This is presenting problems. Thats admitted. However, lets expand this to whats happening to software in general.
Every time a security bug in a program found, whether its closed or open source, there's an uproar. Happens every other day in Windows and routinely in open-source projects (Firefox, Wordpress, etc).
The way these things are found are through developers and security analysts who find bugs and then alert the world. While this temporarily makes people throw up their hands saying "oh no, the bad guys are gonna use this bug against us!!", its through this method of public disclosure of software security breaches that they get fixed.
In the case of LibSL and Copybot, we're faced with a similar situation. LibSL has been doing a lot of good work developing the foundations of the open-source future of Second Life. Linden Labs themselves have been saying for a long, long time that the future of SL is heading into this direction.

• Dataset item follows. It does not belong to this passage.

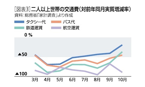 一方、自動車や自転車などのセルフ手段の購入は3月以降、前年より増えた月の方が多い(図表略)。また、先のニッセイ基礎研究所の調査によると、コロナ禍で公共交通機関の利用は減少する一方、セルフ手段の利用は増えており、公共交通機関の利用控えの一部がセルフ手段の利用へとシフトしているようだ。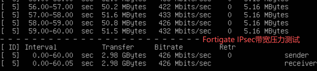 | FortiGate 公网 IPsec | 稳定在约 400Mbps,超过 450Mbps 后出现 Retr |

So we've run into another case of a collision between an open-source project and a proprietary, mostly closed system. All they've done is put a big banner on a huge security issue that needed to be addresses eventually, anyway.
No, banning or somehow closing LibSL will not fix this. There's a very oft-quoted expression in computer security, "There is no security through obscurity". LibSL's work is for the benefit of all of us. They are public with their work and make it open for review from the public. Imagine if they didn't release Copybot and make everyone aware of the ability for a 3rd party program to essentially copy any resource in-world. Would you prefer that some private party who is NOT public do this? Not tell anyone while they can steal and copy whatever they want in the world?
At this point, Linden Labs is aware of a big problem. It will likely become a high priority for them to better secure the network than as it exists now.
You will have to be patient with them. Something like this will not be easily solved with a minor software upgrade. Potentially we are looking at some large revisions to the networking architecture of the world.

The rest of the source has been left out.